From: Xuan Zhuo <xuanzhuo@linux.alibaba.com>
To: virtio-comment@lists.oasis-open.org
Cc: hans@linux.alibaba.com, herongguang@linux.alibaba.com,
zmlcc@linux.alibaba.com, dust.li@linux.alibaba.com,
tonylu@linux.alibaba.com, zhenzao@linux.alibaba.com,
helinguo@linux.alibaba.com, gerry@linux.alibaba.com,
xuanzhuo@linux.alibaba.com, mst@redhat.com, cohuck@redhat.com,
jasowang@redhat.com, Jan Kiszka <jan.kiszka@siemens.com>,
wintera@linux.ibm.com, kgraul@linux.ibm.com,
wenjia@linux.ibm.com, jaka@linux.ibm.com, hca@linux.ibm.com,
twinkler@linux.ibm.com, raspl@linux.ibm.com,
virtio-dev@lists.oasis-open.org, pasic@linux.ibm.com
Subject: [virtio-comment] [PATCH v4 0/1] introduce virtio-ism: internal shared memory device
Date: Thu, 18 May 2023 16:09:18 +0800 [thread overview]
Message-ID: <20230518080919.48797-1-xuanzhuo@linux.alibaba.com> (raw)
Hello everyone,
# Background
Nowadays, there is a common scenario to accelerate communication between
different VMs and containers, including light weight virtual machine based
containers. One way to achieve this is to colocate them on the same host.
However, the performance of inter-VM communication through network stack is
not optimal and may also waste extra CPU cycles. This scenario has been
discussed many times, but still no generic solution available [1] [2] [3].
We also have a lot of such scenarios internally, except for general network
communication, there are also many application scenarios of shared
memory. Due to various reasons, it is difficult for us to realize these
business data using network communication. For example, in some scenarios,
the application needs to exchange a large amount of data with the physical
device on the host, so shared memory is the most suitable solution.
Shared memory is an efficient communication method, so we hope to implement
a cross-vm shared memory method. We were inspired by the IBM ism device[4],
we use virtio-ism to achieve memory sharing between vm on the same host.
# virtio-ism
An ISM(Internal Shared Memory) device provides the ability to access memory
shared between multiple devices. This allows low-overhead communication in
presence of such memory. For example, memory can be shared with guests of
multiple virtual machines running on the same host, with each virtual
machine including an ism device and with the guests getting the shared
memory by the ism devices.
An ism device can communicate with multiple peers simultaneously. This
communication can be dynamically started and ended.

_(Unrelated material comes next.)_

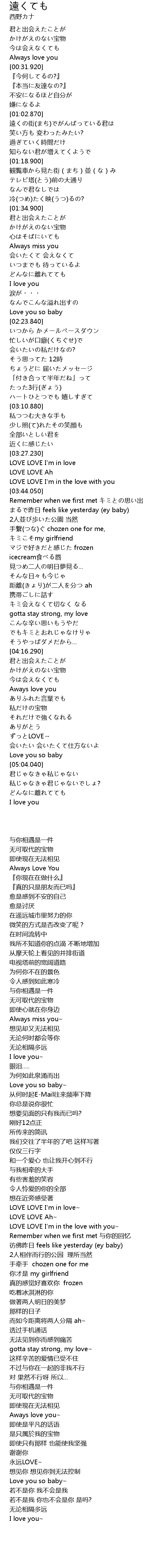 | [03:46.950] | 彷佛昨日 feels like yesterday (ey baby) |
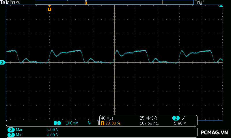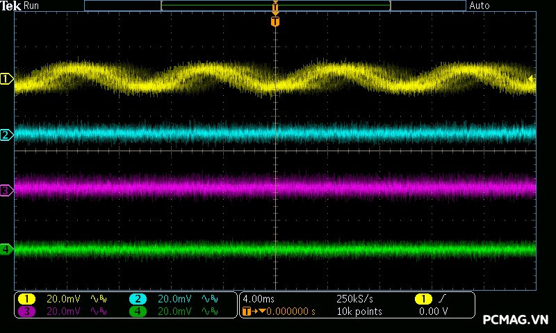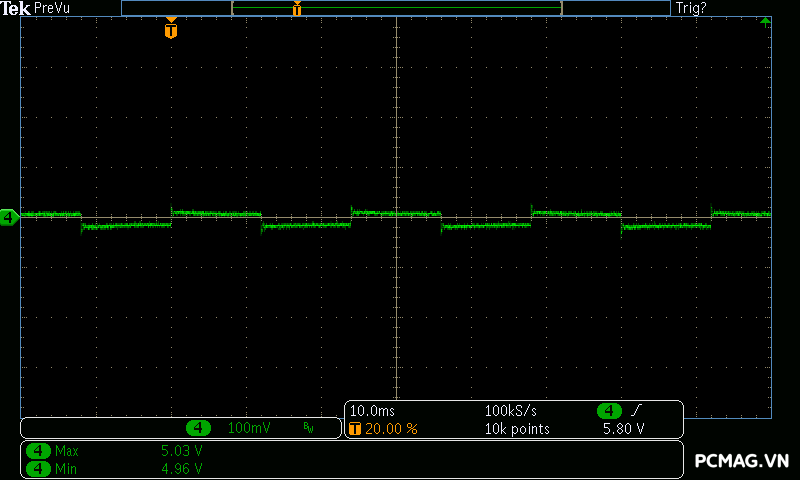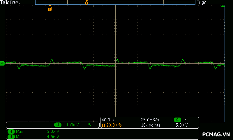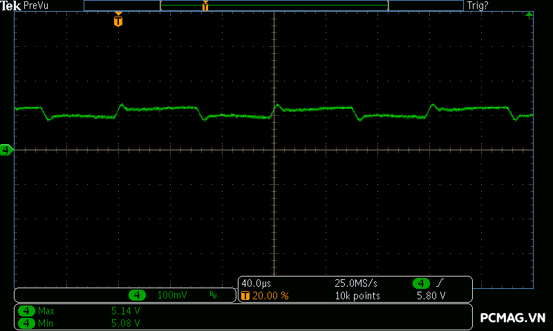 Trong các phép thử tải biến thiên, PMT850 ATX3.1/PCIe 5.1 cho thấy mức dao động điện áp trên các đường điện đều nằm trong giới hạn mà chuẩn ATX yêu cầu.

This is a structure diagram based on ism sharing between two vms.
|-------------------------------------------------------------------------------------------------------------|
| |------------------------------------------------| |------------------------------------------------| |
| | Guest | | Guest | |
| | | | | |
| | ---------------- | | ---------------- | |
| | | driver | [M1] [M2] [M3] | | | driver | [M2] [M3] | |
| | ---------------- | | | | | ---------------- | | | |
| | |cq| |map |map |map | | |cq| |map |map | |
| | | | | | | | | | | | | | |
| | | | ------------------- | | | | -------------------- | |
| |----|--|----------------| device memory |-----| |----|--|----------------| device memory |----| |
| | | | ------------------- | | | | -------------------- | |
| | | | | | | |
| | | | | | | |
| | Qemu | | | Qemu | | |
| |--------------------------------+---------------| |-------------------------------+----------------| |
| | | |
| | | |
| |------------------------------+------------------------| |
| | |
| | |
| -------------------------- |
| | M1 | | M2 | | M3 | |
| -------------------------- |
| |
| HOST |
---------------------------------------------------------------------------------------------------------------
On the top, we found that for the existing tcp network communication
scenario, if it is replaced with smc + shared memory, a great performance
improvement can also be obtained. And for smc, user processes just need to
do little modification.
- latency reduced by about 50%
- throughput increased by about 300%
- CPU consumption reduced by about 50%
Since there is no particularly suitable shared memory management solution
matches the need for SMC(See ## Comparison with existing technology), and
virtio is the standard for communication in the virtualization world, we
want to implement a virtio-ism device based on virtio, which can support
on-demand memory sharing across VMs, containers or VM-container. To match
the needs of SMC, the virtio-ism device need to support:
1. Dynamic provision: shared memory regions are dynamically allocated and
provisioned.
2. Multi-region management: the shared memory is divided into regions,
and a peer may allocate one or more regions from the same shared memory
device.
3. Permission control: the permission of each region can be set separately.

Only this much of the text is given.